Green projects given support to attract private sector investment to tackle climate change

North West | South West | Yorkshire

Four projects which will protect and restore valuable habitats have been selected to receive funding in a pilot scheme to encourage sustainable private sector investment in our natural environment.

Defra, the Environment Agency (EA), Esmée Fairbairn Foundation (EFF) and Triodos Bank UK have formed a collaboration to support environmental projects to create sustainable funding models.

Having been sourced and evaluated by Triodos Bank UK the projects will receive grant funding from Defra, the EA and EFF to support their development, complete business plans to attract private sector investment, and deliver long-term environmental benefits and sustainable financial returns.

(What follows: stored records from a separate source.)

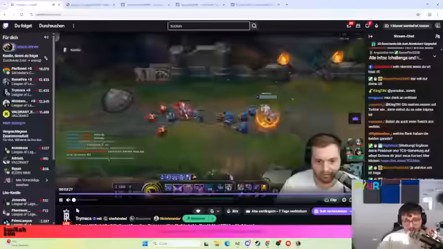 06:00:26Während des Spiels kritisiert der Streamer die Leistung seines Teams, besonders die Bot-Lane, die seiner Meinung nach nicht effektiv spielt. Er ist frustriert über die fehlende Kommunikation und die schlechten Entscheidungen in Teamfights. Der Streamer betont, dass er selbst sich verbessern müsse, aber gleichzeitig das Team mehr Zusammenarbeit benötige, um die Spiele zu gewinnen. Die Stimmung ist angespannt, und der Streamer versucht, das Team aufzurütteln und motiviert zu halten.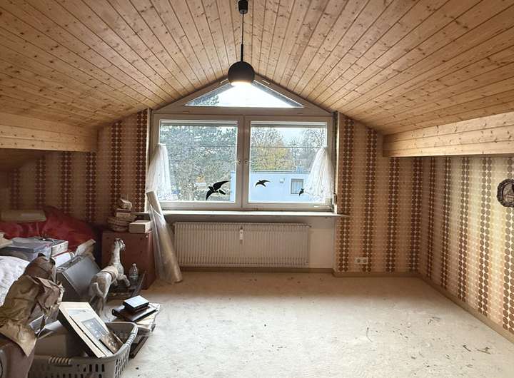 - als Zimmer ausgebauter Raum mit großem Giebelfenster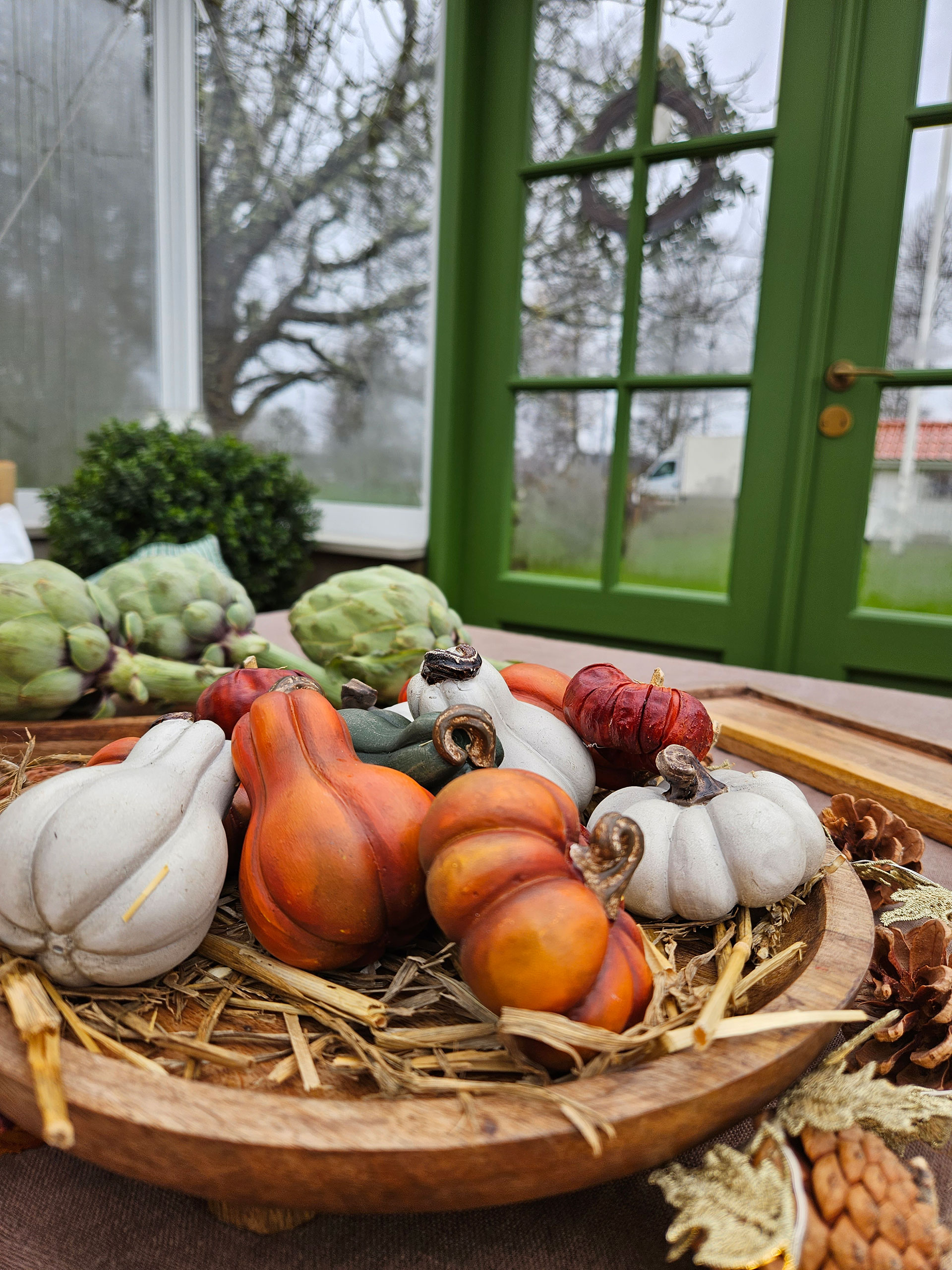 Skapa höststämning med en dekorativ minipumpa i orange. Perfekt till dukningen eller tillsammans med andra höstdekorationer.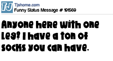 X says Anyone here with one leg? I have a ton of socks you can have.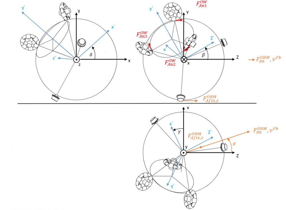 Hallo zusammen! Ich möchte mit drei tangentialen Kräften, die in einer Ebene Liegen und deren Angriffspunkte um 120° versetzt sind, eine Kugel antreiben. Deren Kontaktpunkt mit der Straße soll am Umfang der Kugel frei wählbar sein. Sozusagen, soll die resultierende Kraft der drei einzelnen Tangentialkräfte meine Antriebskraft sein, die mit dem Hebelarm R wirkt. Jetzt bin ich nicht der rießige Matrizen und Vektoren Spezialist (und das ist noch untertrieben), aber vielleicht kann mir jemand sagen ob ich auf dem richtigen Weg bin.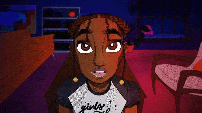 My favorite sequences to work on were probably Audrey Estok’s basement scene in “More Than the Basement” and Sierra Edd’s audience illustration in “What We Preserve”. Both these illustrations are absolutely gorgeous, and I thoroughly enjoyed finding ways to give them extra depth and life, while not going overboard and distracting from the original work. That balance is tricky but so satisfying when you figure it out. There’s a fun tool in After Effects that lets you make a digital camera and move it around a 2D scene, and we used that on both these illustrations. It’s my favorite thing. I loved working on these sequences and I adore how they turned out.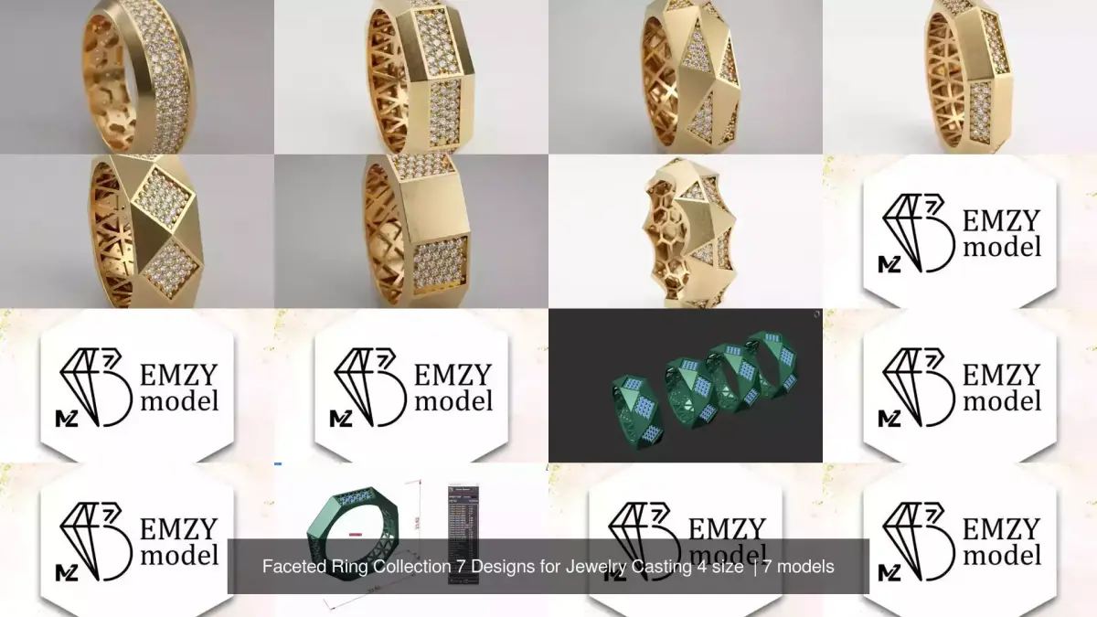 This jewelry collection includes 7 distinct ring models, each provided in 4 precisely scaled sizes. All models are prepared in hollow, production-ready versions with standard wall thickness, optimized for high-quality metal casting and efficient finishing.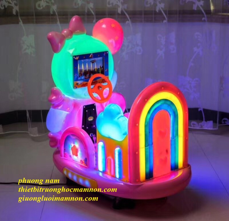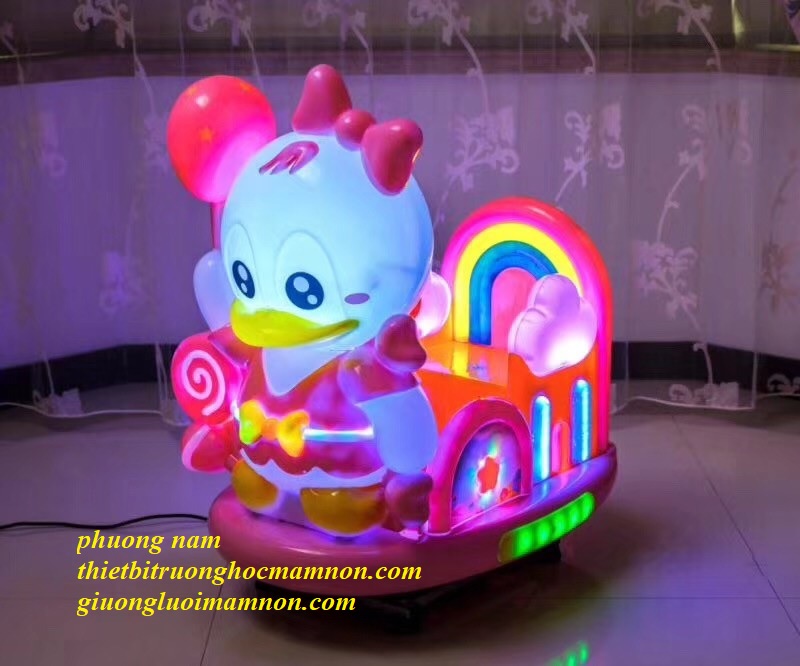 - Thú nhún điện kèm 100 xu miễn phí, được lập trình sẵn mỗi xu chạy 3 phút, tích hợp máy nghe nhạc MP3 để khách hàng cắm thêm thẻ nhớ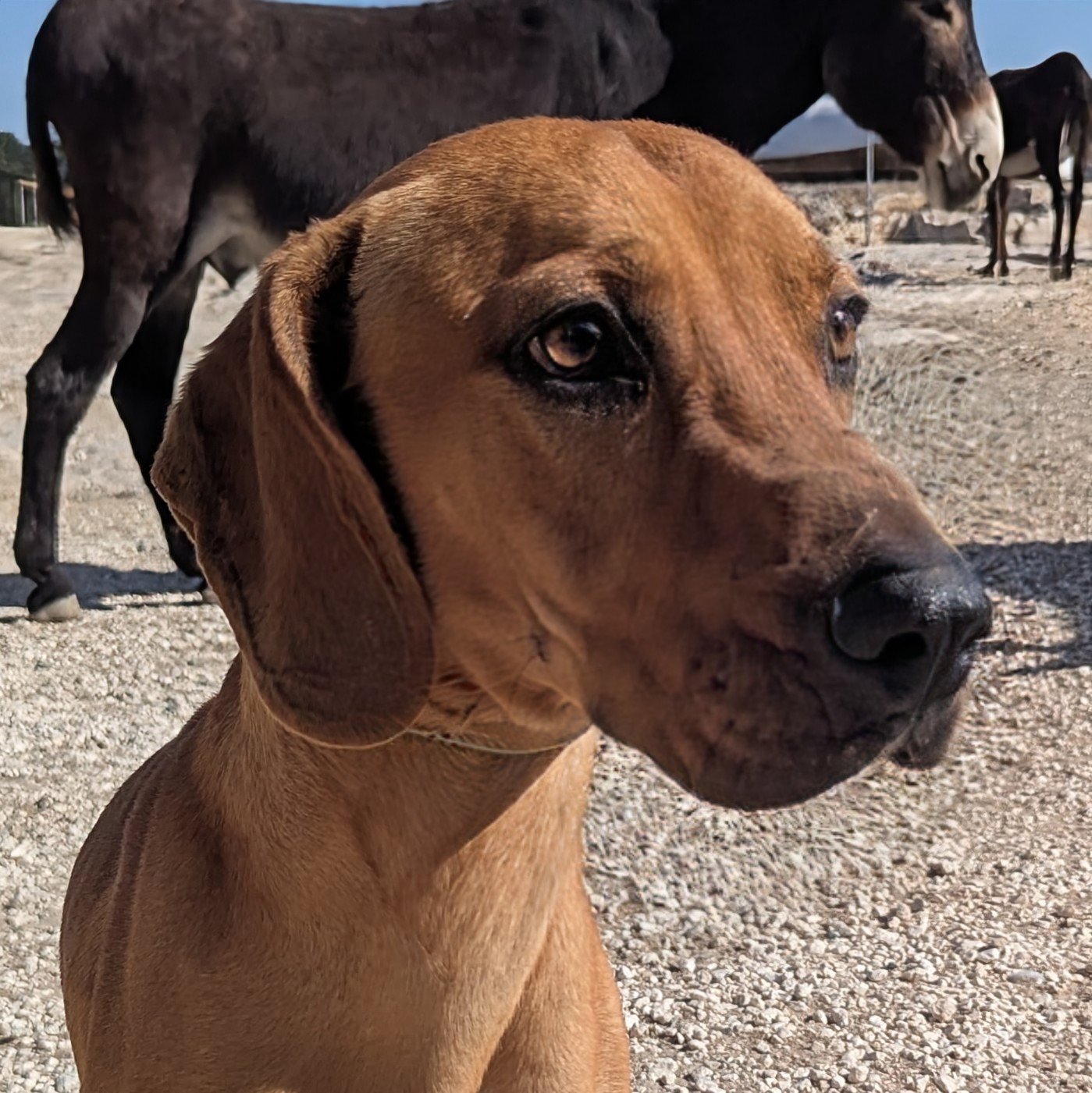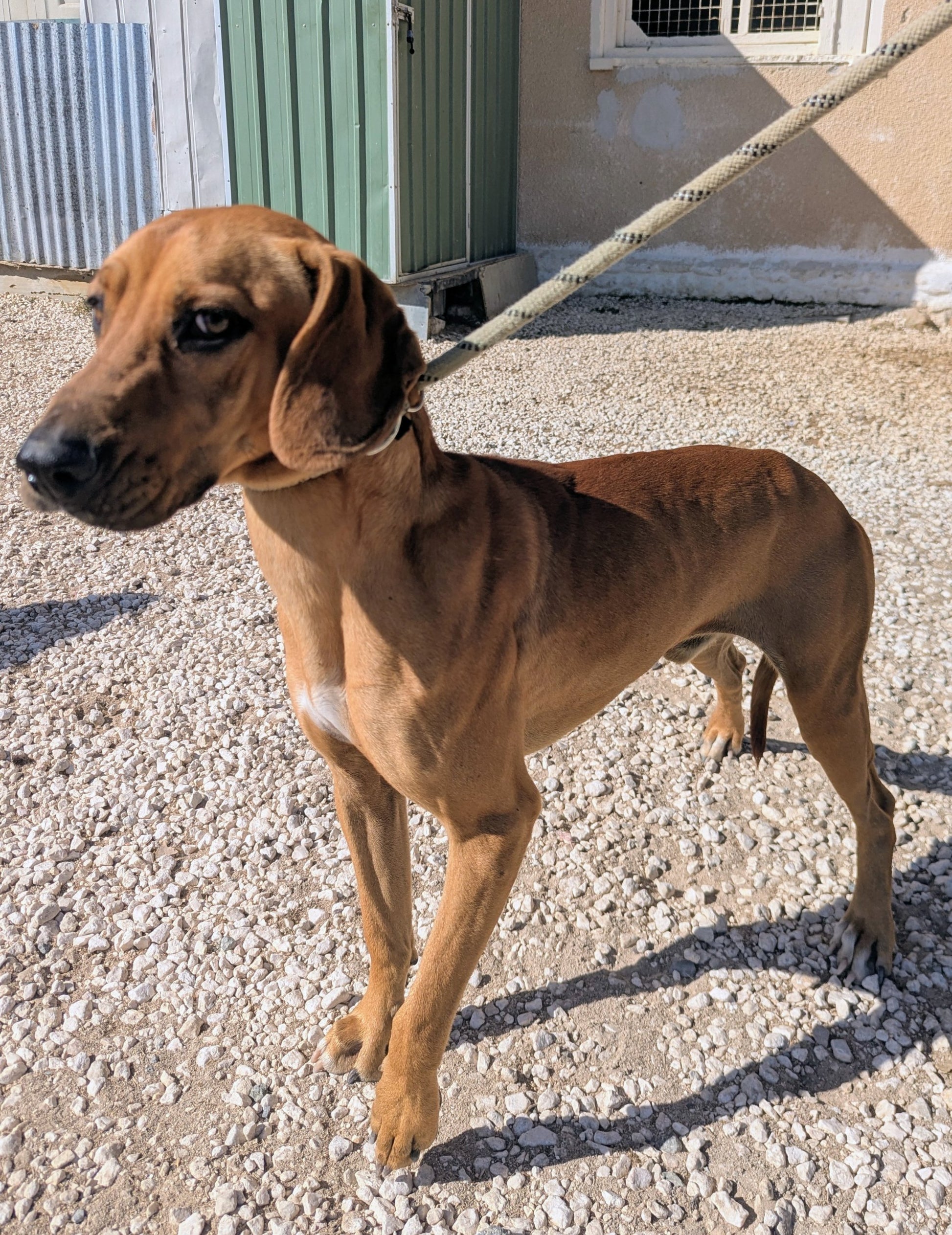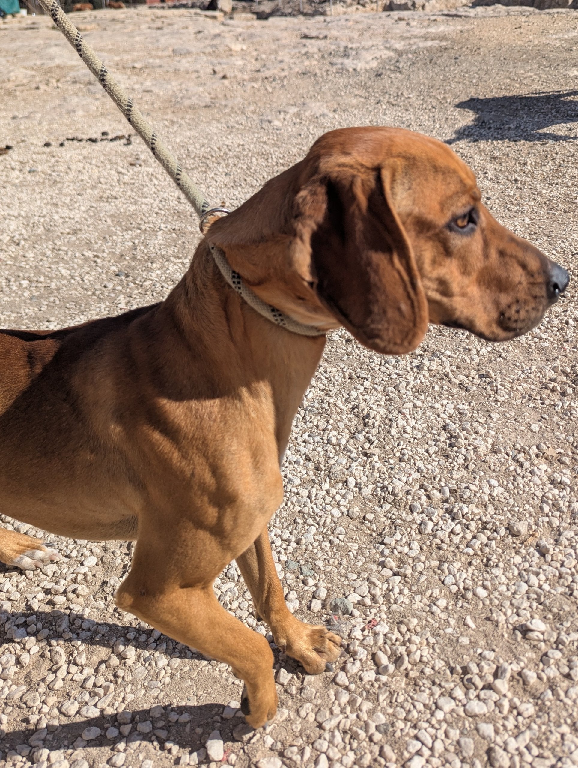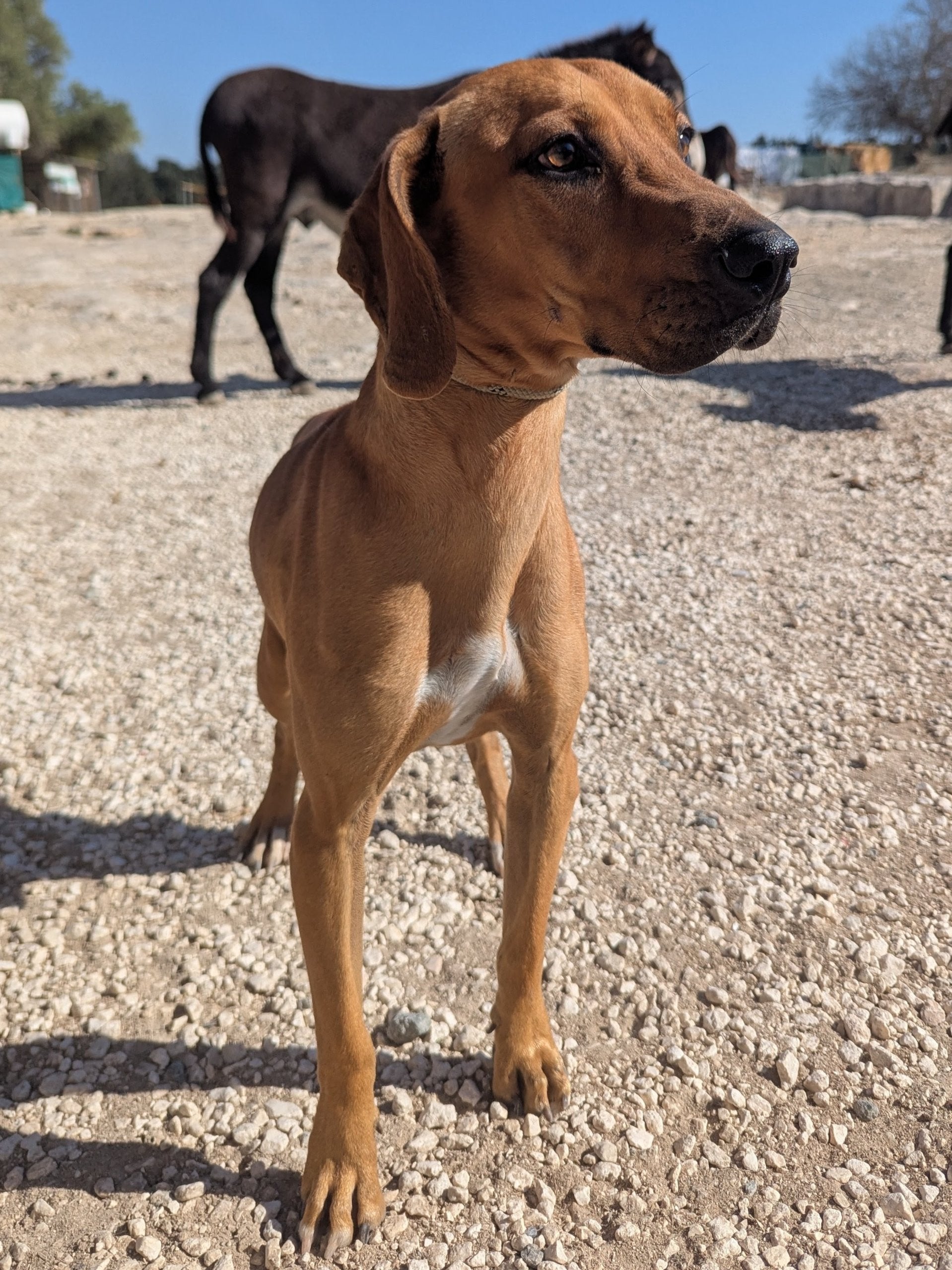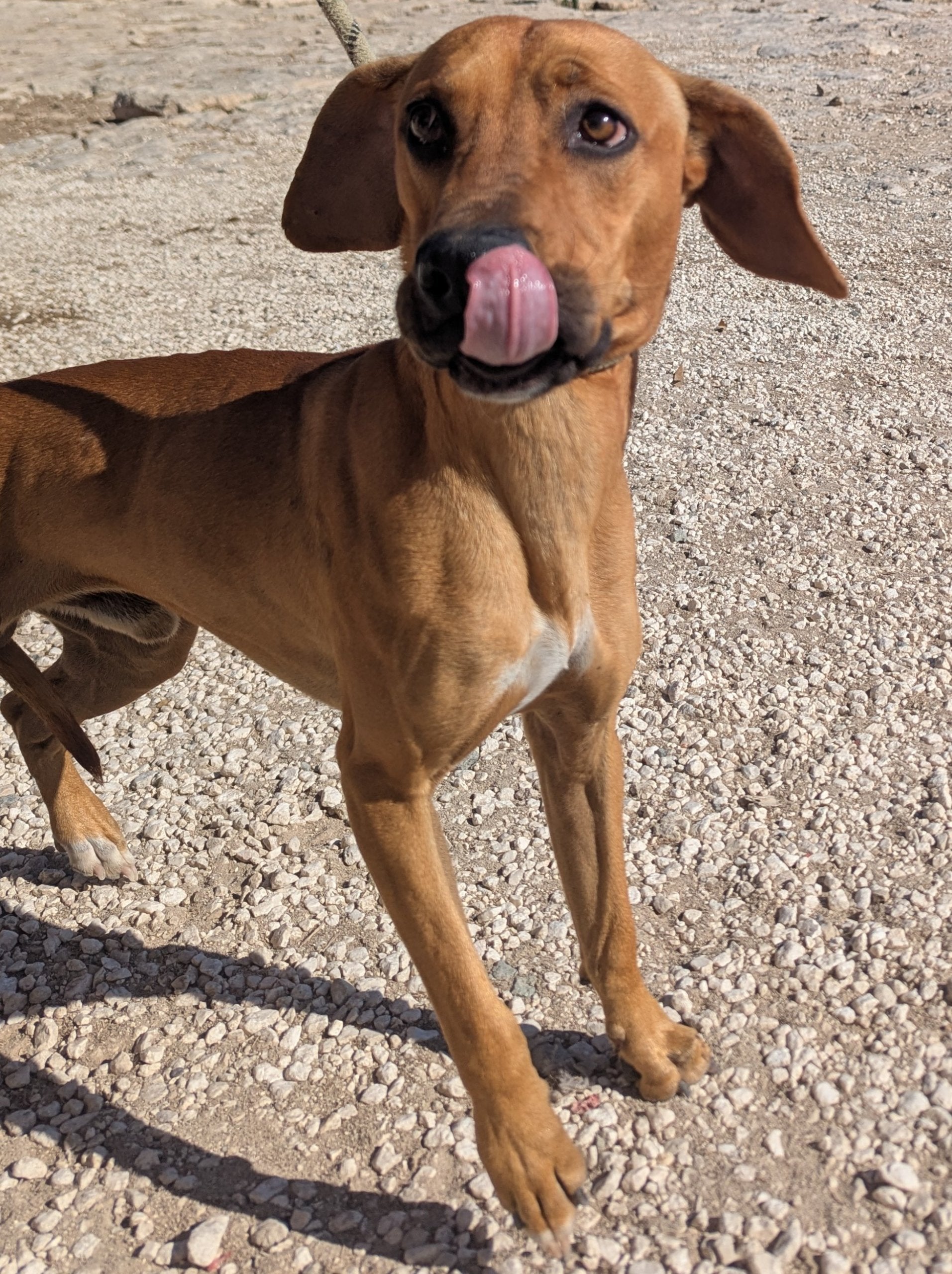 Medium-sized young hunter cross male, smooth tan coat with little white patch on his chest

The four projects receiving funding are:

  • Devon Wildlife Trust’s restoration of the Caen wetlands
  • Rivers Trust’s work on natural flood management in the Wyre catchment in Lancashire
  • NFU’s work to reduce nitrate pollution in Poole Harbour
  • Moors for the Future Partnership’s restoration and conservation of peatlands in the Pennines.

Dr Bevis Watts, Chief Executive of Triodos Bank UK, said: “We have invested over two years of our resources and expertise into finding viable financial projects in this new area and were delighted to bring these partners together. We believe that connecting economic outcomes to investment in environmental restoration is possible and can deliver benefits, in terms of carbon storage, air quality, flood management and human health, as well as enhancing biodiversity and wildlife habitats.

“Triodos has always been a pioneer in sustainable finance, for example in early renewable energy and organic food & farming. Now linking the economic and societal benefits we take for granted from nature to investment in its restoration is a key challenge we are leading on. The finance sector needs to play its role and use more imagination in how economic outcomes can be linked to investment in nature. We hope we can build on these pilot projects and replicate them to secure further investment in addressing the environmental crises we face.”

Emma Howard Boyd, Chair of the Environment Agency, said: “In England, we are increasingly seeing new extreme weather accelerate from wettest to driest and back again, restoring nature is key to managing this.

“You can’t put a price on nature, but investing in its recovery can generate a steady return and will make the UK economy more clean and resilient. These projects are designed to attract investment into local economies while developing models for businesses to use and scale-up around the world.”